Secretary of state candidates spar over ethics issues
While questions of ethics roiled a Thursday forum among Democratic candidates for Illinois secretary of state, their Republican counterparts fought over competency issues Wednesday at a Daily Herald editorial board session.
At a Union League Club of Chicago event, Chicago City Clerk Anna Valencia accused former state Treasurer Alexi Giannoulias of Chicago of attack ads manufacturing a conflict of interest. They join Chicago Alderman David Moore on the Democratic primary ballot.
"He didn't have a record to run on, so he wanted to make up one for me," Valencia said of Giannoulias. While treasurer, Giannoulias lost millions from Bright Start, the state's college savings fund, she charged. "That hurt working families like the one I grew up in."
She also said Giannoulias' former family business, Broadway Bank, made "sketchy loans to mobsters," an issue that arose during his campaign for U.S. Senate in 2010.
Giannoulias defended his record.
"I am very proud of the work I did as state treasurer," Giannoulias said. "We ran one of most ethical offices in the country."
He added the bank his father started in 1979 "helped tens of thousands of people achieve the American dream."
During the recession, certain Bright Start investments lost significant funds, but Giannoulias said he "was one of the first state treasurers to recoup funds for families, and it was re-ranked as one of the top programs in the country."
Valencia is under fire over whether she used her office to secure contracts for companies her husband, Reyahd Kazmi, is affiliated with.
"She misused her office," Giannoulias said. "She clearly is married to someone who lobbies the city of Chicago which she serves on. Yet she says if she gets elected, 'Don't worry, he won't do it then.'"
Valencia responded that she and her husband "have separate careers."
"My husband does not speak for me; I am my own independent person," Valencia said.
Emails exchanged between Valencia and her husband have given rise to the speculation, and she acknowledged there were some "growing pains" when she began as city clerk in 2017. "I wish I had been more careful with my personal and professional emails."
Moore told the audience, "I'm the only who hasn't had any ethics issues. I believe that serving the people comes first. I'll make sure we expand the inspector general's office."
Moore also wants to change Illinois law to include spouses and close family members in disclosures of economic interest, and to add "hefty" fines for noncompliance.

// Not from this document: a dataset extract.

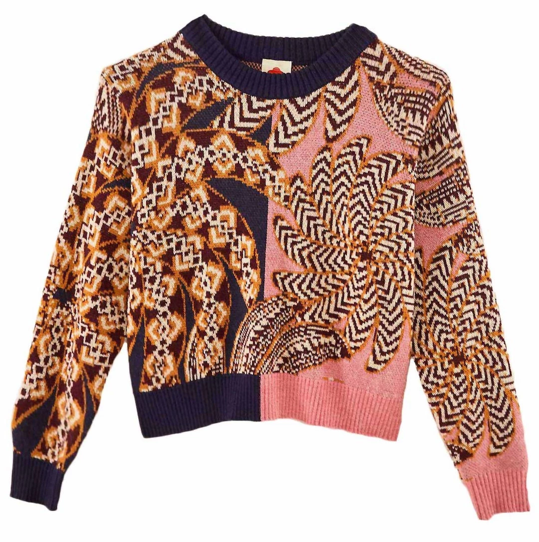 Let this light wool sweater take you from day to night and every temperature in between while looking your best. Stunning shades of pink, plum and navy inspired by prints from the native Yawanawa tribe in Brazil
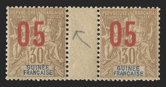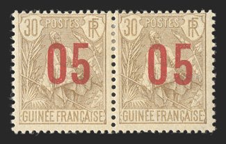444 og Yvert #52, 52A ImageYvert #52, 52A, 1912 "05" Surcharge on 30c Brown on bister, wide and narrow settings, horizontal pair with vertical gutter, the left stamp with wide spacing and the right stamp with narrow spacing, fresh and intact, o.g., very lightly hinged in the gutter only, the stamps n.h., very fine and scarce; signed Calves (Scott #52, 52a; $629.75 for hinged). (Image) for hinged €776+

A day earlier, the Republicans in the race -- state Rep. Dan Brady of Bloomington and former federal prosecutor John Milhiser of Springfield -- traded jabs.

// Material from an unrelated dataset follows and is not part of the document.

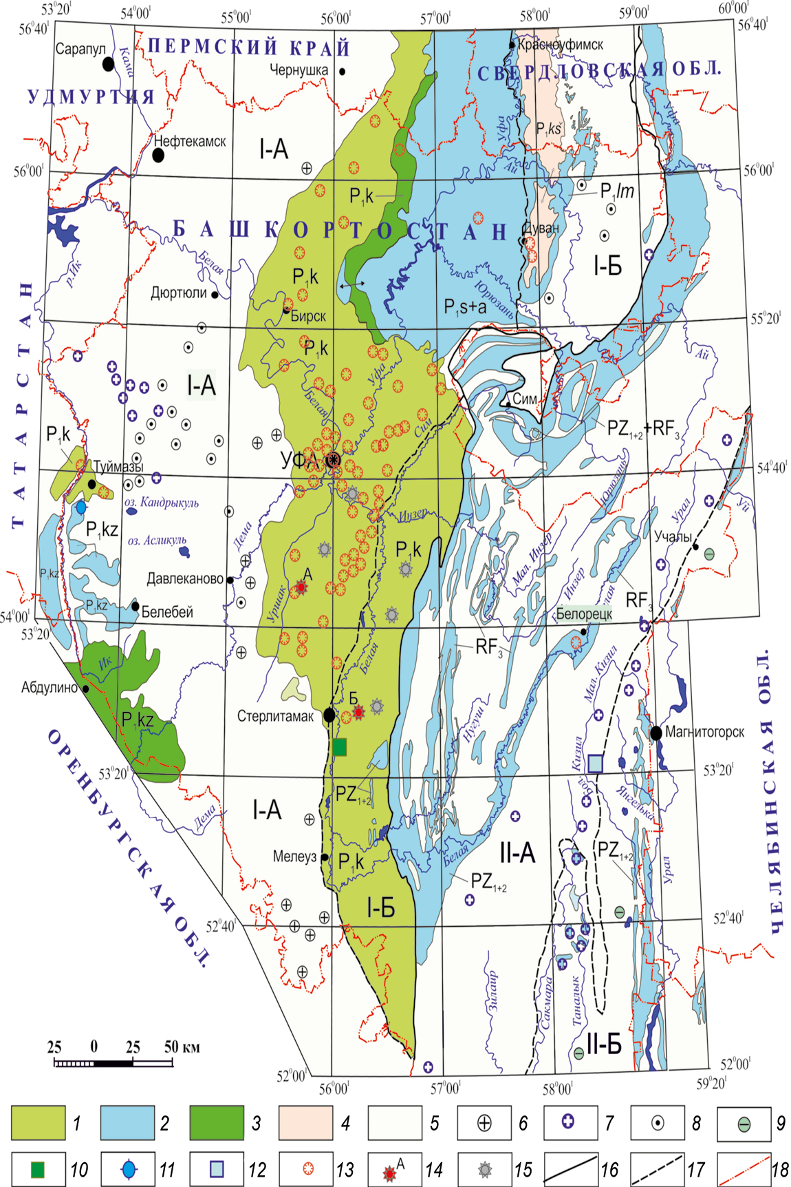 Карстовая страна Восточно-Европейской равнины (I): I-А – равнинный карст в горизонтально и пологозалегающих породах Предуралья; I-Б – равнинный и предгорный карст Предуралья в пологозалегающих и слабо дислоцированных породах. Уральская карстовая страна (II): II-А – горный и предгорный карст в сильно дислоцированных образованиях Урала; II-Б – равнинный карст в складчато-глыбовых отложениях Зауралья. Типы карста по составу карстующихся пород: 1 – сульфатный, 2 – карбонатный, 3 – сульфатно-карбонатный, 4 – кластокарст, 5 – территории с отсутствием карстопроявлений. Локальные проявления традиционных типов карста: 6 – сульфатного, 7 – карбонатного, 8 – кластокарста. Проявления нетрадиционных типов карста: 9 – сульфидного, 10 – соляного, 11 – известковых туфов, 12 – в мраморах, 13 – карстовые провалы современные с фиксированным временем образования. Нивально-коррозионные колодцы: 14 – участки с площадным распространением колодцев (карстовых полей): А – Аургазинский, Б – Селеукский; 15 – локальное (одиночное) распространение колодцев. Границы: 16 – карстовых стран, 17 – типов карста по характеру рельефа и условиям залегания пород, 18 – субъектов РФ.

Milhiser said the position is meant "for a public servant, not a career politician." Illinois has a history of corruption at the agency but that "can be fixed by having a strong public servant who has the ability to go in Day 1 and get the job done ... to root out whatever corruption there is in state government," he explained.
Brady objected, suggesting that Milhiser should run for attorney general instead.
"The office doesn't prosecute people. It's about providing services, being a hands-on agent for change that the office needs," said Brady, adding he would reduce wait times at driver services sites.
The winner of each race in the June 28 primary will vie to fill outgoing Democrat Jesse White's position in the November election.